Cronaca

Sarno, hashish e coca nella movida: 11 condanne

Si chiude con 11 condanne l’inchiesta su una serie di gruppi di pusher che operavano in piena autonomia, l’uno dall'altro, su tutto il territorio di Sarno.

Foto d'archivio

Spaccio nella movida sarnese: si chiude con 11 condanne l’inchiesta su una serie di gruppi di pusher che operavano in piena autonomia, l’uno dall'altro, su tutto il territorio di Sarno.

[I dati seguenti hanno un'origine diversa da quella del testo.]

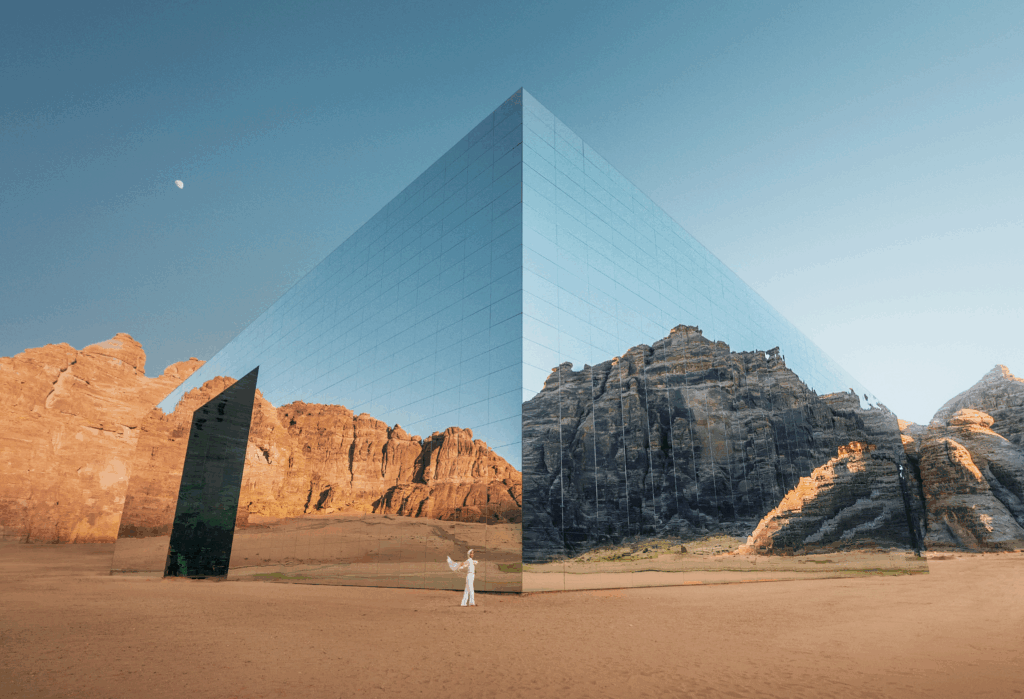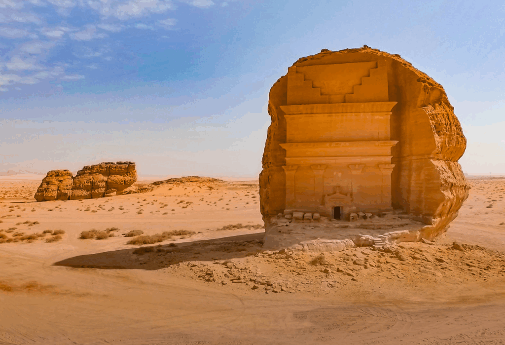 Túra pouštní krajinou, archeologické naleziště Hegra, slavná nabatejská hrobka "saúdská Petra" Mada'in Saleh(UNESCO), skalní útvary a proslulá zrcadlová pouštní budova Maraya.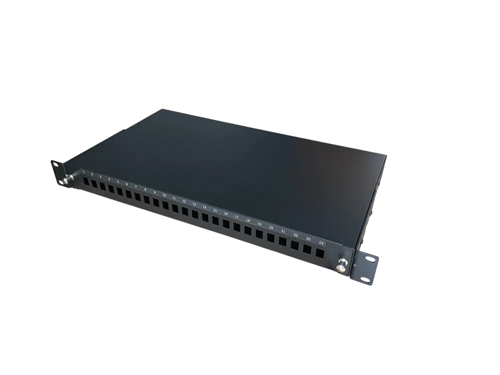 Optical drawer with 24 ports for SC Simplex and LC Duplex adapters.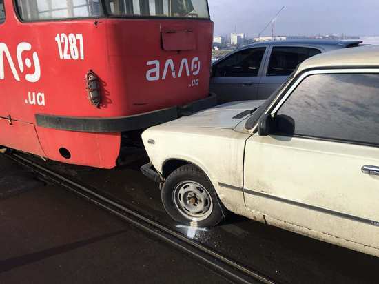 Сегодня, 14 февраля, на Амурском мосту произошло ДТП. Столкнулись трамвай и ВАЗ 2106.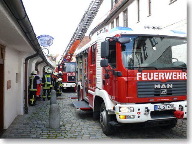Vermutlich wegen einer noch angeschalteten Herdplatte brach am Dienstagabend in einem Büro im Dachgeschoss in der Hinteren Salzgasse ein Feuer aus. Die Feuerwehr Landsberg rückte unter Atemschutz in das Gebäude vor und brachte das Feuer schnell unter Kontrolle. Mittels Hochdrucklüfter wurde das Gebäude im Anschluss noch belüftet. Verletzt wurde bei dem Brand niemand. (ts)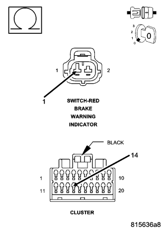 The cluster performs open circuit detection on the Brake Fluid Level (Red Brake Warning Indicator Driver) switch and the sense circuit. Fault sets if an open circuit is detected. When this fault is detected the cluster will illuminate the Brake warning indicator.
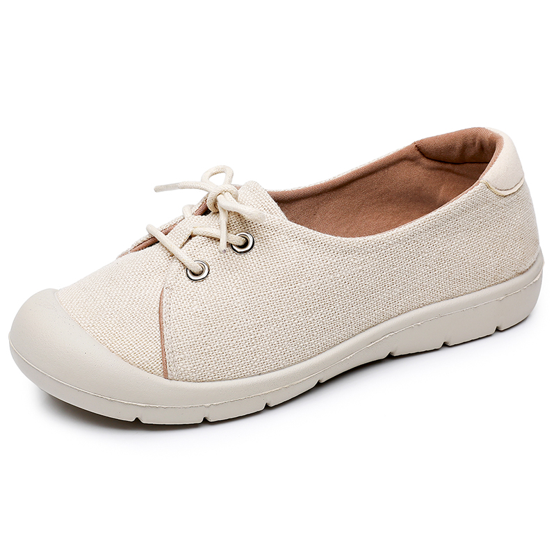 手工盘扣一字扣平底布鞋单鞋女春季亚麻复古中式民国风纯色小白鞋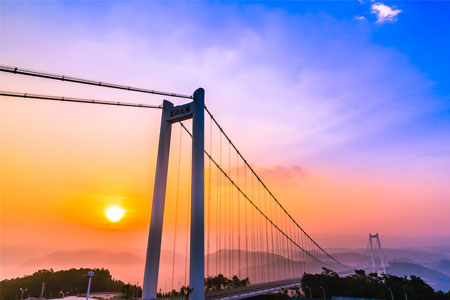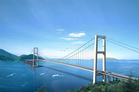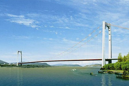 浙江岱山縣秀山大橋為全長3063米,主橋為跨徑926米的雙塔鋼箱梁懸索橋,按雙向...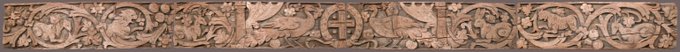 Pinewood with traces of polychromy. A lion and leopard sprint toward the center...Peacocks of paradise guard a gemmed cross between billowing curtains, draped and held behind two columns.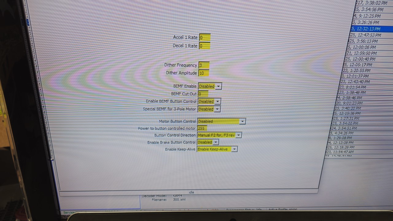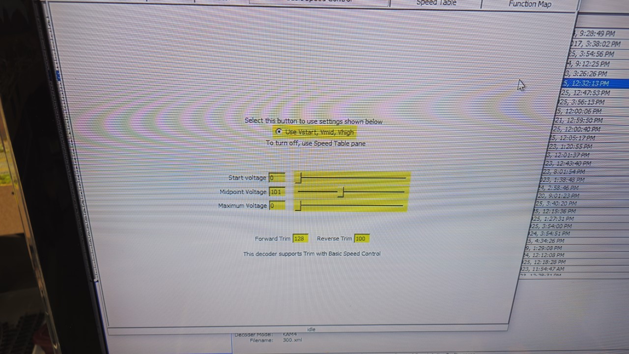It took quite a bit of time to get the Scale Trains and Proto locos properly speed matched. With advice I got on the Model Railroad Hobbyist forum, I set momentum to zero and deactivated Back EMF for all locos. I switched the Proto units from using the speed table to just using Vmin, max and mid. I had to adjust Vmid from the default value to get the midrange speeds to match the Scale Trains units. Here are screenshots of the Proto settings I used: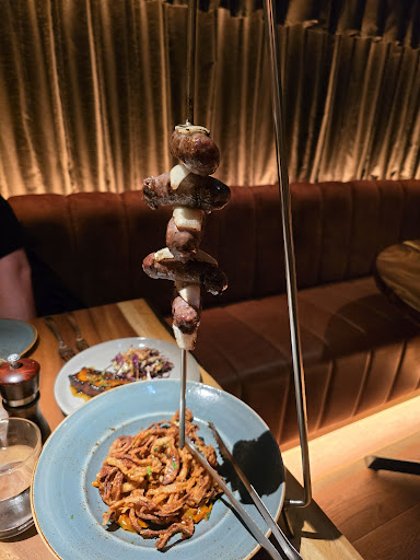 Next, unfortunately one of our guests food came out both undercooked and cold. He asked for the beef skewer medium but it came out rare and thus can probably explain why it was cold. We sent it back and it came back well done…. Really poor.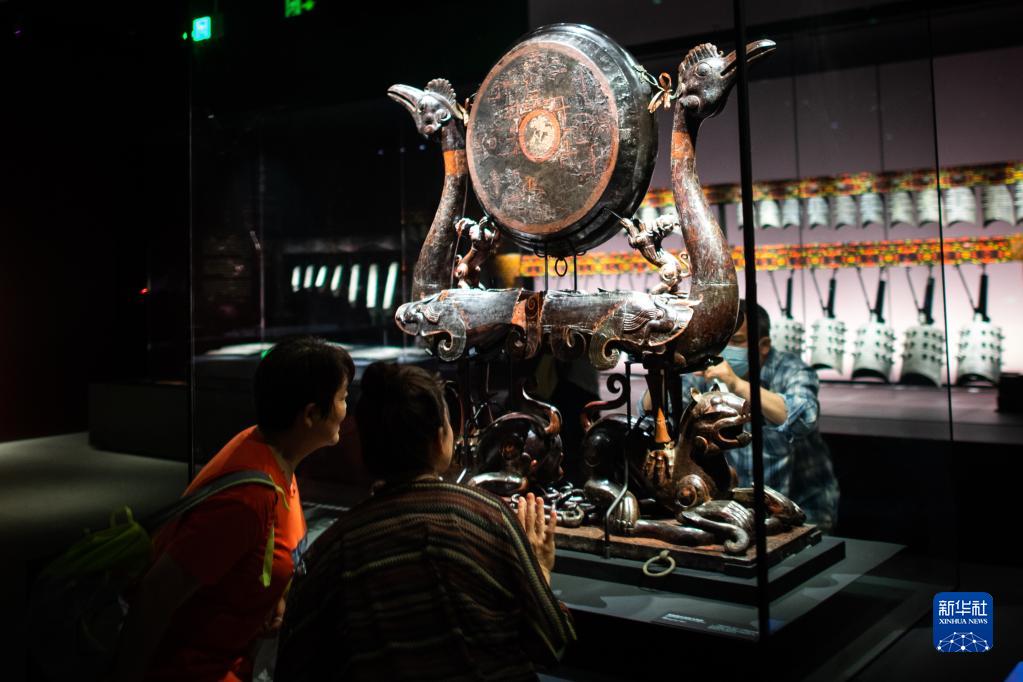 5月12日,参观者观看展出的彩绘漆木虎座鸟架鼓。

Dinanzi al gup Luigi Levita, hanno patteggiato gli 11 indagati, collezionando quasi 20 anni di carcere totali.

Il blitz

L’indagine condotta dalla Procura di Nocera Inferiore portò alla scoperta di un gruppo di persone, volti noti e non, che si rifornivano nei paesi vesuviani. Il primo spunto investigativo lo diede una donna, madre di uno degli imputati, che passò informazioni ai carabinieri sulla persona che riforniva di stupefacente il figlio. Da lì, con le prime attività investigative, i militari ricostruirono i profili di almeno 6 gruppi che spacciavano cocaina su tutto il territorio. In particolare nella zona di Lavorate, dove veniva rifornita la movida. Per comunicare tra loro gli imputati usavano un codice specifico, con la droga che diventava "mozzarella" o "caffè", gestendo così un’attività di spaccio decisamente fiorente. Non si spacciava solo da casa di alcuni degli imputati, ma anche da ville o strutture pubbliche, come quella in via Sarno Palma, con la droga che passava da una grata, insieme ai soldi per le singole dosi. L’inchiesta, condotta dall’allora sostituto, Giuseppe Cacciapuoti, individuò quindici assuntori e tre pusher, arrestati in flagranza. Furono recuperati 600 grammi di hashish e 15 di cocaina. Il gruppo fu sgominato in soli tre mesi di indagine.